From: David Malone <dwmalone@maths.tcd.ie>
To: Craig Stratton <craig@avnet.co.uk>
Cc: freebsd-gnats-submit@freebsd.org
Subject: Re: kern/34711: frequent system stall under moderate scsi load 
Date: Fri, 08 Feb 2002 13:48:26 +0000

 All the processes are in a state where they are waiting for the
 disk (inode, biord and getblk). The percentage system time is kinda
 high too - is that typical of this system?
 
 Can you have a look at the output of dmesg and see if there is
 anything mentioned around the stall time. Also, what type of SCSI
 card do you have? The relivant lines from /var/log/dmesg.boot might
 be useful.
 
 It is possible that the system is just running low on memory and
 getting stuck trying to free it up.

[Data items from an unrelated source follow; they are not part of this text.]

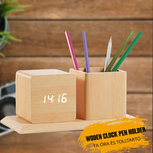 Letisztult, elegáns megjelenésű, sötét fa mintázatú többfunkciós asztali óra és eszköztartó. A csomagban található kábel segítségével USB portról működtethető, vagy pedig 3 db AAA elem szükséges a használatához.
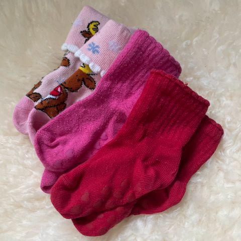 Kuvassa keskellä olevst sukat,joissa on yksi iso sydän,ovat käyttämättömät.
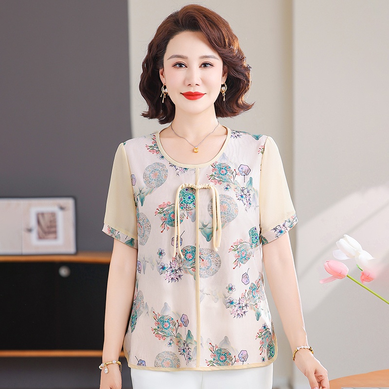 寻蔻年华连衣裙薄款中式短袖网纱休闲长裙98139 粉色 XL

Matt Dillon made some improvements
 in this area, which probably came in since 4.1...
 
 	David.

From: "Craig Stratton" <craig@avnet.co.uk>
To: "David Malone" <dwmalone@maths.tcd.ie>
Cc: <freebsd-gnats-submit@freebsd.org>
Subject: Re: kern/34711: frequent system stall under moderate scsi load 
Date: Fri, 8 Feb 2002 14:34:03 -0000

  David,
 
 i'm not sure if the system time is usual or not. But it sounds like it
 shouldn't be...
 
 It could be a memory problem, as you say, because it only has 64MB, but the
 previous system i ran exactly the same things on only had 16MB on a P75 IDE
 and had no problems. Uptime over 500 days before replacement with "better"
 hardware :-|
 Can't remember what release it was on though. Slightly earlier i believe.
 
 There is never anything logged anywhere whenever the system stalls or hangs,
 which is frustrating...
 
 I think the problem is certainly in the swapping/disk access area, as all
 disk operations seem to take a while. When it hangs, i can get ssh login,
 but no shell until it comes back.
 
 I was looking over how to upgrade "in situ" last night, but was too tired to
 take it in.
 Can you advise how i would go about bringing up to date online with no
 physical access to the machine ? (other than carefully .. ;-) )
 
 The most i do normally is install from scratch, and add/configure
 software/applications....
 
 ahc0: <Adaptec 2940 Ultra SCSI adapter> port 0x6000-0x60ff mem
 0xe4000000-0xe4000fff irq 10 at device 9.0 on pci0
 ahc0: aic7880 Wide Channel A, SCSI Id=7, 16/255 SCBs
 pci0: <S3 Trio graphics accelerator> at 10.0 irq 9
 
 da1 at ahc0 bus 0 target 1 lun 0
 da1: <QUANTUM FIREBALL ST4.3S 0F0C> Fixed Direct Access SCSI-2 device
 da1: 10.000MB/s transfers (10.000MHz, offset 15), Tagged Queueing Enabled
 da1: 4136MB (8471232 512 byte sectors: 255H 63S/T 527C)
 da0 at ahc0 bus 0 target 0 lun 0
 da0: <QUANTUM FIREBALL ST4.3S 0F0C> Fixed Direct Access SCSI-2 device
 da0: 10.000MB/s transfers (10.000MHz, offset 15), Tagged Queueing Enabled
 da0: 4136MB (8471232 512 byte sectors: 255H 63S/T 527C)
 
 Regards,
 Craig
 
 ----- Original Message -----
 From: "David Malone" <dwmalone@maths.tcd.ie>
 To: "Craig Stratton" <craig@avnet.co.uk>
 Cc: <freebsd-gnats-submit@freebsd.org>
 Sent: Friday, February 08, 2002 1:48 PM
 Subject: Re: kern/34711: frequent system stall under moderate scsi load
 
 
 > All the processes are in a state where they are waiting for the
 > disk (inode, biord and getblk). The percentage system time is kinda
 > high too - is that typical of this system?
 >
 > Can you have a look at the output of dmesg and see if there is
 > anything mentioned around the stall time. Also, what type of SCSI
 > card do you have? The relivant lines from /var/log/dmesg.boot might
 > be useful.
 >
 > It is possible that the system is just running low on memory and
 > getting stuck trying to free it up. Matt Dillon made some improvements
 > in this area, which probably came in since 4.1...
 >
 > David.
 
State-Changed-From-To: open->feedback 
State-Changed-By: njl 
State-Changed-When: Fri Aug 16 00:20:39 PDT 2002 
State-Changed-Why:  


http://www.freebsd.org/cgi/query-pr.cgi?pr=34711 

From: Nate Lawson <nate@root.org>
To: freebsd-gnats-submit@FreeBSD.org, Craig <craig@avnet.co.uk>
Cc:  
Subject: Re: kern/34711: frequent system stall under moderate scsi load
Date: Fri, 16 Aug 2002 00:22:30 -0700 (PDT)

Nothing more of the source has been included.